- [Problem requirements]:
Line by line, copy out the entries exactly and leave the pictures behind.

- [Supplied data]:

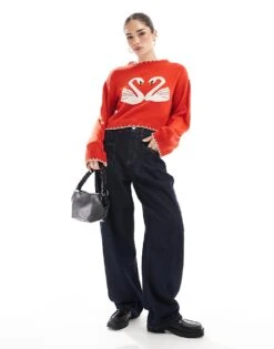 Miss Selfridge Blanket Stitch Swan Heart Jumper In Red For Women
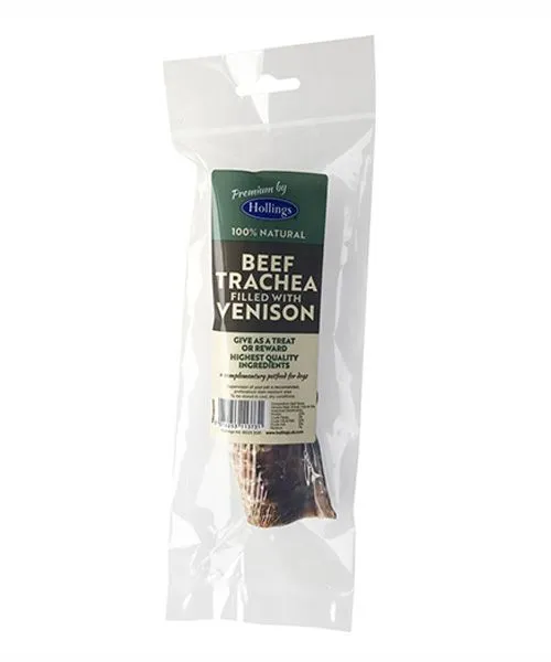 Ideal to help appease periods of boredom, Hollings 100% Natural beef trachea with Venison filling are quality treats that your dog is sure to enjoy. Regular chewing is encouraged which can help to remove plaque or tartar build up from your dog’s teeth. In addition, these Beef trachea’s are salmonella and bacteria tested. Hollings 100% Natural beef trachea are an ideal way to reward or treat your four legged friend!
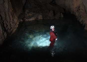Jetzt heißt es Zähne zusammenbeissen: 70 Meter Schwimmstrecke am Führungsseil im eiskalten Wasser - ca. 30 cm Luft nach oben zur Decke und ein alles übertosender Höhlensturm........DURCH. Neopren ausziehen. Unterschlaz anziehen. Essen, Trinken.
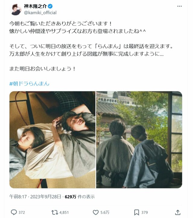 「心に残る朝ドライケメン」ランキング、岡田将生を抑えた「優しく熱血漢」役を演じた俳優は【トップ3】 ピンズバNEWS編集部 2025.3.6 テレビ&ラジオ テレビドラマ 俳優 (4/4ページ) 1ページ目から読む ■【画像】トップの演技派俳優、浜辺美波とのむつまじい夫婦ショット 神木隆之介は『らんまん』で主演、妻を演じた浜辺美波との息もぴったりだった。 神木隆之介 公式Xより この画像の記事を読む 1 2 3 4
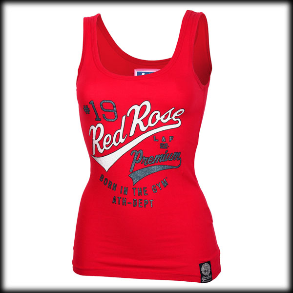 Женская спортивная майка классического кроя из тонкого трикотажа с блестящим принтом на груди и фирменными нашивками.
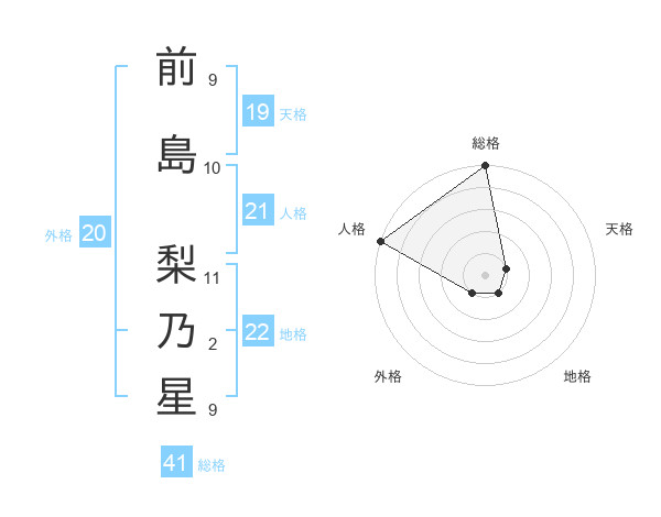 前島 梨乃星さんの総格は41画の5点!
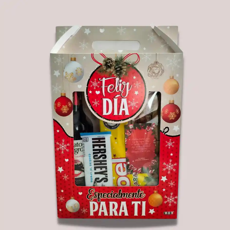 Caja navideña acompañada de vino gato negro cabernet de 750 Ml, galletas caravana caja, maní especial con uvas pasas ,chocolatina Hershey´s blanca y tarjeta
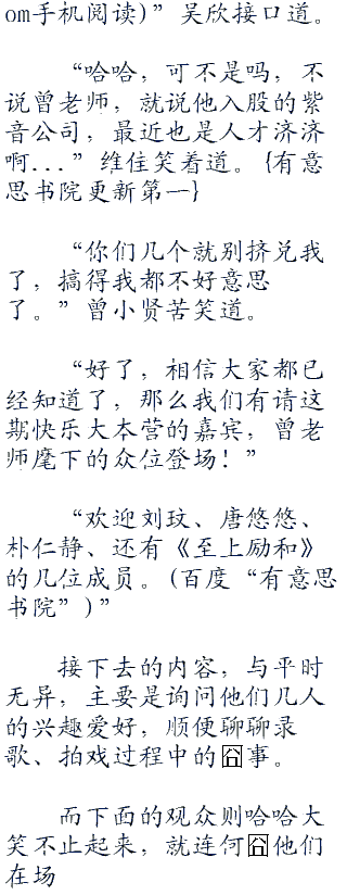 接下去的内容,与平时无异,主要是询问他们几人的兴趣爱好,顺便聊聊录歌、拍戏过程中的囧事。
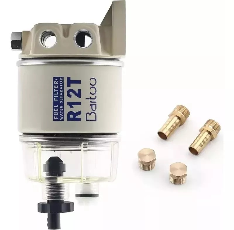 -Aplicaciones y número de pieza de repuesto: para kit separador de combustible de agua marina R12T: NPT, ZG1/4-19 (tamaño de puerto/conexión M18 x 1.5 rosca central) Reemplaza la pieza # Reemplaza a Racor Parker S3240, R12T, S3213, S3227,8027. 893t y así sucesivamente.

- [Finished task]:
 Miss Selfridge Blanket Stitch Swan Heart Jumper In Red For Women
 Ideal to help appease periods of boredom, Hollings 100% Natural beef trachea with Venison filling are quality treats that your dog is sure to enjoy. Regular chewing is encouraged which can help to remove plaque or tartar build up from your dog’s teeth. In addition, these Beef trachea’s are salmonella and bacteria tested. Hollings 100% Natural beef trachea are an ideal way to reward or treat your four legged friend!
Jetzt heißt es Zähne zusammenbeissen: 70 Meter Schwimmstrecke am Führungsseil im eiskalten Wasser - ca. 30 cm Luft nach oben zur Decke und ein alles übertosender Höhlensturm........DURCH. Neopren ausziehen. Unterschlaz anziehen. Essen, Trinken.
 「心に残る朝ドライケメン」ランキング、岡田将生を抑えた「優しく熱血漢」役を演じた俳優は【トップ3】 ピンズバNEWS編集部 2025.3.6 テレビ&ラジオ テレビドラマ 俳優 (4/4ページ) 1ページ目から読む ■【画像】トップの演技派俳優、浜辺美波とのむつまじい夫婦ショット 神木隆之介は『らんまん』で主演、妻を演じた浜辺美波との息もぴったりだった。 神木隆之介 公式Xより この画像の記事を読む 1 2 3 4
 Женская спортивная майка классического кроя из тонкого трикотажа с блестящим принтом на груди и фирменными нашивками.
 前島 梨乃星さんの総格は41画の5点!
 Caja navideña acompañada de vino gato negro cabernet de 750 Ml, galletas caravana caja, maní especial con uvas pasas ,chocolatina Hershey´s blanca y tarjeta
 接下去的内容,与平时无异,主要是询问他们几人的兴趣爱好,顺便聊聊录歌、拍戏过程中的囧事。
 -Aplicaciones y número de pieza de repuesto: para kit separador de combustible de agua marina R12T: NPT, ZG1/4-19 (tamaño de puerto/conexión M18 x 1.5 rosca central) Reemplaza la pieza # Reemplaza a Racor Parker S3240, R12T, S3213, S3227,8027. 893t y así sucesivamente.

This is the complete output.